To keep, or share? I chose
the choice of greater pleasure!
Five lonely Tootsie Rolls can’t
compare
to sweetness savored
with chocolate-drooling subjects
in my arbor-vitae kingdom by the street,
where sheet-lightning
and fire-flies flickered,
while hyenas picked their teeth
with bones of their victims.
he was an old-fashioned strong
man –
never said, “Son, I love you.”
but why else
would he make me
prince of the Twilight,
king of the Step-Sitters?”
Santa’s
Garden: A Circle Poem
SANTA CLAUS!
CHRISTMAS!
w i n t e r.
SPRING!
PLANTING!
SPROUTING!
beans,
peas,
tomatoes,
grow
so
s l
o w.
low.
TALL!
JOHNSON GRASS!
BERMUDA GRASS!
THORNS!
THISTLES!
hoe,
hoe,
hoe.
Harold Anderson
January 22, 1990
WORDWORKER
A poet is like a cabinetmaker
building from a stack of words.
he carefully selects, hefts,
sights down for true
and rejects all but a few whose
integrity is exact.
he rummages through his shrinking
stock
of wood-(words), edge-matching
subtle grain of meaning,
so the whole of many will flow in
smooth transition,
or repeat itself in book-matched
glory.
at the builder’s discretion, he
might up-end a board,
and (for reasons of his own),
without permission, change direction!
With the cutting edge of his
chisel-sharp mind
he pares down just to the
scribe-line,
then try-fits dovetails of
intermeshing ideas
and lifts the whole to the light
of scrutiny.
Skilled eyes search for a glimmer
of doom
among the sockets and pins.
no chink-fault found,
he pounds them it, wood-welding a
single unit,
Inseperable.
Now’s the time to find and fix or
start again,
lest some (successful)
self-serving critic casts
discredit upon the craftsman’s
skill!
On worst still, flaw-finding
ideology’s
prying tugs will reveal an unseen
weakness,
and the (lofty) faulty structure,
made to last forever,
will fail.
Harold Anderson
March 28, 1990
THOUGHTS
OF A 22-YEAR-OLD CAT
A ball of kitten playing ball
with a ball of yarn:
A thought?
or bubbles of memories that rise
To the top and pop?
The Shadow knows,
and goes on with the chore
of reminiscing about prime time
that begin more than a score
of years ago.

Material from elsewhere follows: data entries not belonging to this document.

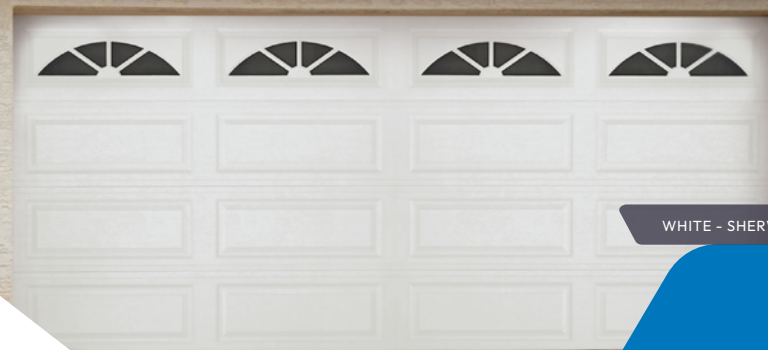
WHITE - SHERWOOD WINDOW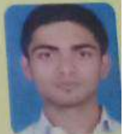
SYB Com Sem I 3rd place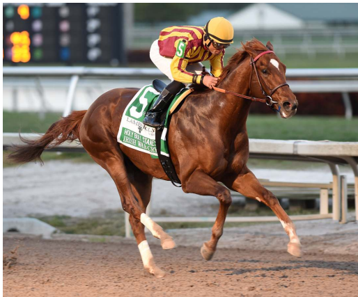
Irish War Cry

But a more subtle sign of this ' TDN Rising Star 's prowess actually occurred a furlong before that, when the undefeated New Jersey-bred sensed the odds-on divisional champion ranging up to within a length of his outside flank, primed to pounce, and Irish War Cry, all on his own, quickened away without being asked. That reaction alone was impressive, but to give the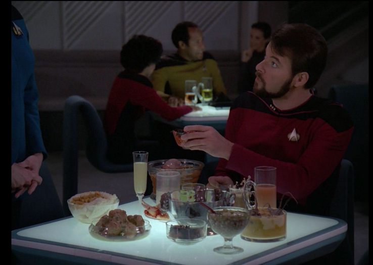
Commander Riker loads up on Klingon food in preparation for his posting on a Klingon battlecruiser, in Star Trek: The Next Generation , "A Matter of Honor".

There are a handful of other cities that have embraced their ties to various Star Trek characters. It has increased tourism and has provided a novelty that some local businesses opt to tribute. In the case with Commander Riker, this could be reflected in his love of cooking (seen throughout The Next Generation , Enterprise s04e22, and making pizza in Picard season 1), his red shirt could lead to a Commander Riker's Red Ale at a local brewery, and there is his time in Valdez where he often went fishing.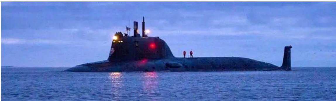
Yasen-class sub. 1 st of five entered fleet in 2014, newest in Dec. 2024.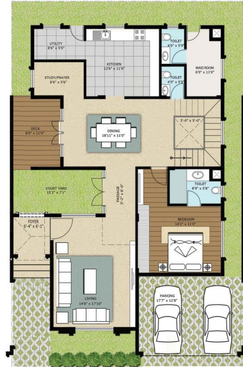
◆ GROUND FLOOR PLAN ◆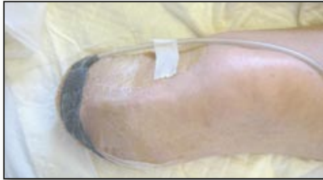
Figure 3: Patient 2. Wound treated with vacuum-assisted closure therapy.

A 71-year-old man with a history of insulin-dependent diabetes was treated in our hospital for an osteomyelitis of the fourth toe of the left foot. The patient was obese and had a history of hypertension, hypercholesterolemia, and a cerebrovascular accident. Angiography revealed a complete stop of the popliteal artery just proximal to the trifurcation. A femoral- pedal bypass seemed feasible, but the infection progressed and we feared a possible infection of the distal anastomosis. Adequate debridement had to be performed first. The toe was amputated. Despite adequate debridement and appropriate antibiotic therapy, a plantar abscess developed, necessitating a transtibial amputation. Unfortunately, this wound did not heal. There was a wound dehiscence with necrosis and pus, but muscles seemed viable. At this time, MDT was started. The maggots were put freely on the wound, covered only by a net, to prevent the maggots escaping. The patient was treated in the outpatient department. After 1 week of MDT (200 maggots used), the wound was fully clean and VAC was started ( Figure 3 ). VAC was also performed in the outpatient department, and after 2 weeks, the wound ( Figure 4 ) could be secondarily closed. After removal of the stitches, the patient started ambulating and is now ambulating well with a prosthesis.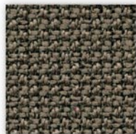
C 33 C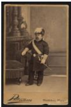
Photograph: Charles S. Stratton in Masonic uniform (owned by the Barnum Museum) (2003.009.069)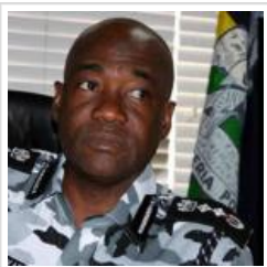
Police stray bullet kills nine-year-old in Lagos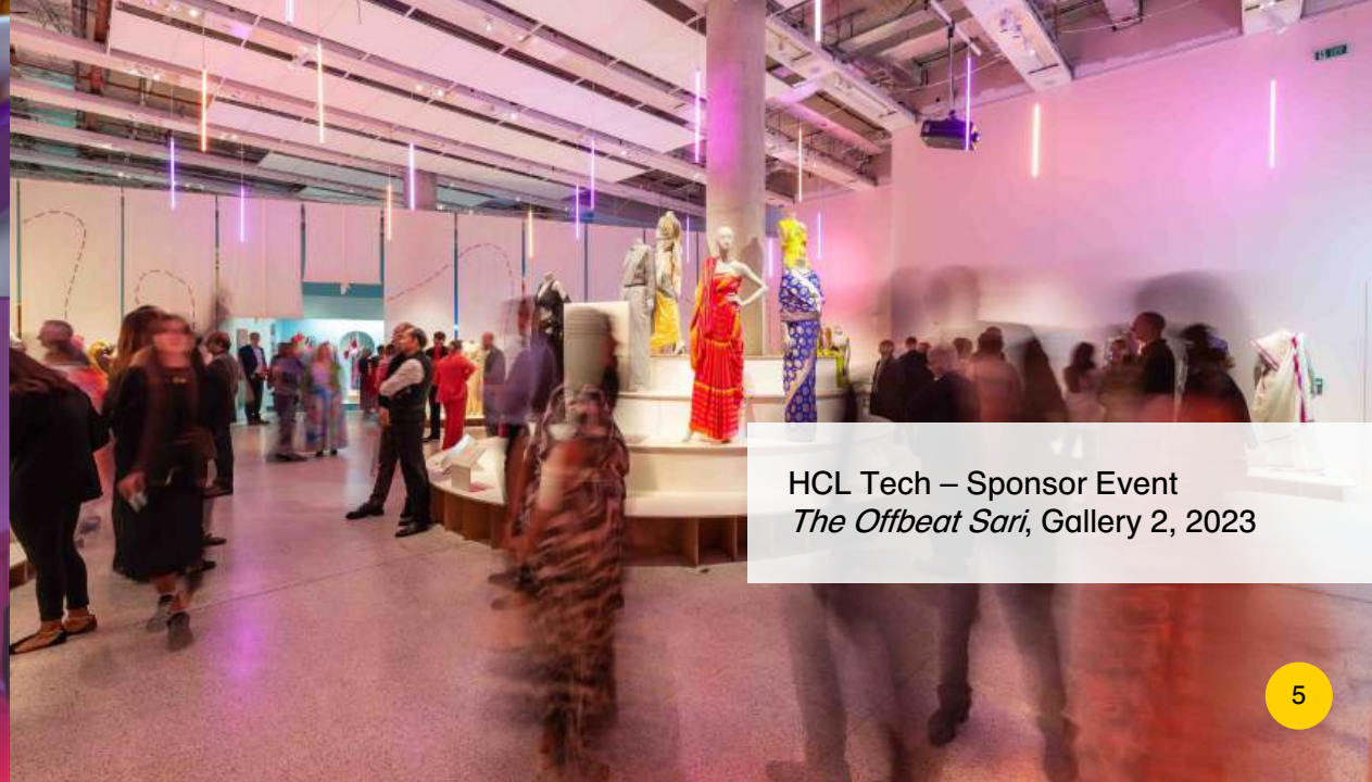
HCL Tech – Sponsor Event The Offbeat Sari , Gallery 2, 2023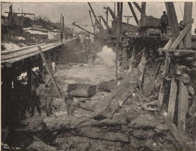
Toronto and Niagara Power Co.—Site of wheel pit in March, 1904.

The works of the Canadian Niagara Power Co. have already been described in the Canadian Engineer, this company having been the pioneer in the development on the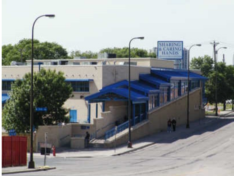
Figure 2 . Sharing and Caring Hands as seen from North Seventh Street, Minneapolis, Minnesota.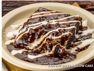
GRANNY JAKES MELLOW CAKE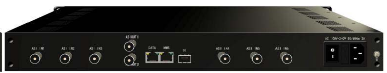
ASI Input Version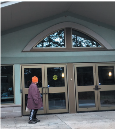
A client waiting to enter the Salvation Army and register for a Christmas Hamper.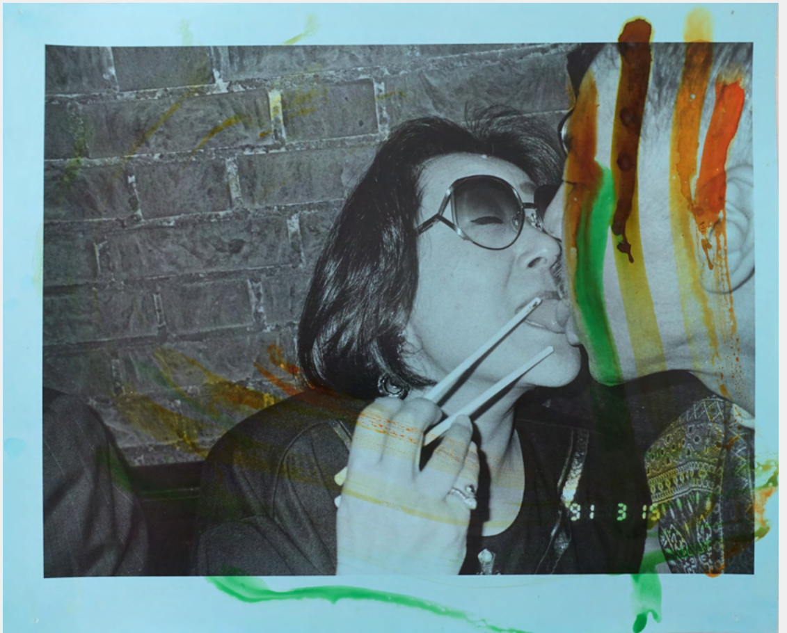
MASAHISA FUKASE Berobero - Untitled, 1991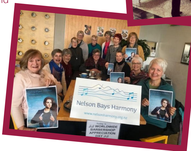
Members of Nelson Bays Harmony celebrating Worldwide Barbershop Appreciation Day July 2020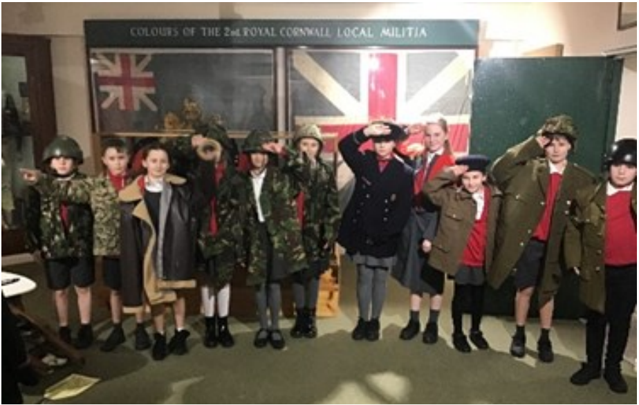
Landulph School Class 3 trip to Bodmin Keep as part of their WW2 learning (see next page)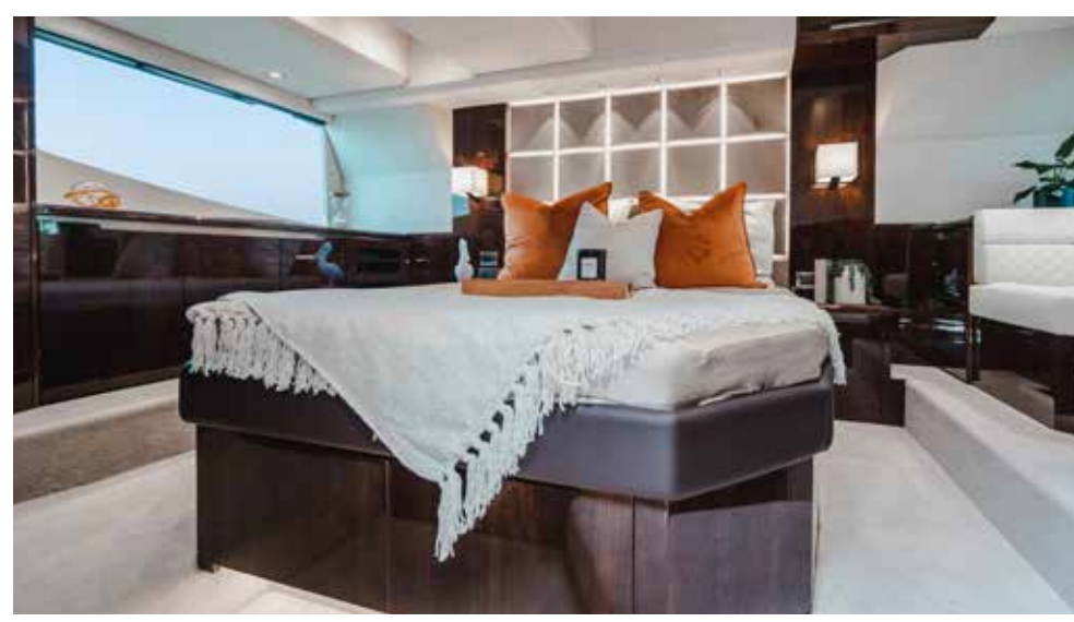
Note the enormity of the hullside windows, which help bathe the master stateroom in natural light.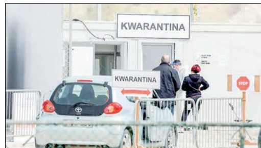
People queue outside tents set up for either COVID-19 positive or in quarantine voters to cast their vote in Zejtun on 26 March 2022 during Malta’s general election.

MALTA has spent more than 1.6 billion euros (1.58 billion US dollars) on support measures since the COVID-19 pandemic broke out in 2020, the country’s Finance Minister Clyde Caruana said on Wednesday.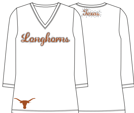
33312-2421 Texas Rhinestone Outline Tee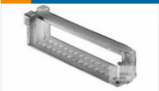
TE Part # 3-353294-4 AMP MINI D/R HDR HSG 34P NATU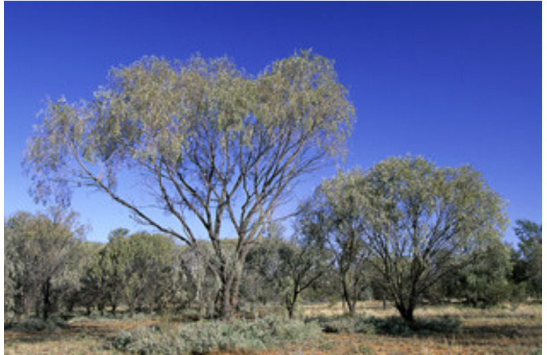
Photo 2: ID26b_img153pc.jpg Acacia pendula woodland Grenfell-West Wyalong Road, [AGD66 33°48'02.1"S 147°37'15.9"E], 19/4/02, Jaime Plaza.

Photo 1: ID26a_img014pc.jpg Acacia pendula woodland, Lake Urana Nature Reserve, [AGD66 35°16'09.8"S 146°08'32.9"E], 9/4/02, Jaime Plaza.

He thinks
of battles fought and victories
sweet;
females in heat;
cat-naps napped on his masters’
laps;
blood and gore;
the joy of the hunt: the thrill
of the kill;
wild yearnings stirred and
stilled
by the bloody, sweet mouse-meat
meals.
The broken mainspring of his mind
Unwinds time –
Now,
he silently, stealthfully,
skillfully steals
through dew-wet grass and
mouse-marked
hay of moon-flooded fields.
Once again,
he gently, quietly, lifts each
paw in
rhythem and rhyme,
Flowing ever closer, then just in
time,
HE’LL POUNCE!
upon an ounce
of unsuspecting mouse
and in wild abandon taunt and
kill
in a comatose sleep.
His masters weep.
Soon the gentle needle’s peaceful
prick
will send his soul-less soul
away,
(or so the learned preachers say)
to cold, dark, quiet
oblivion.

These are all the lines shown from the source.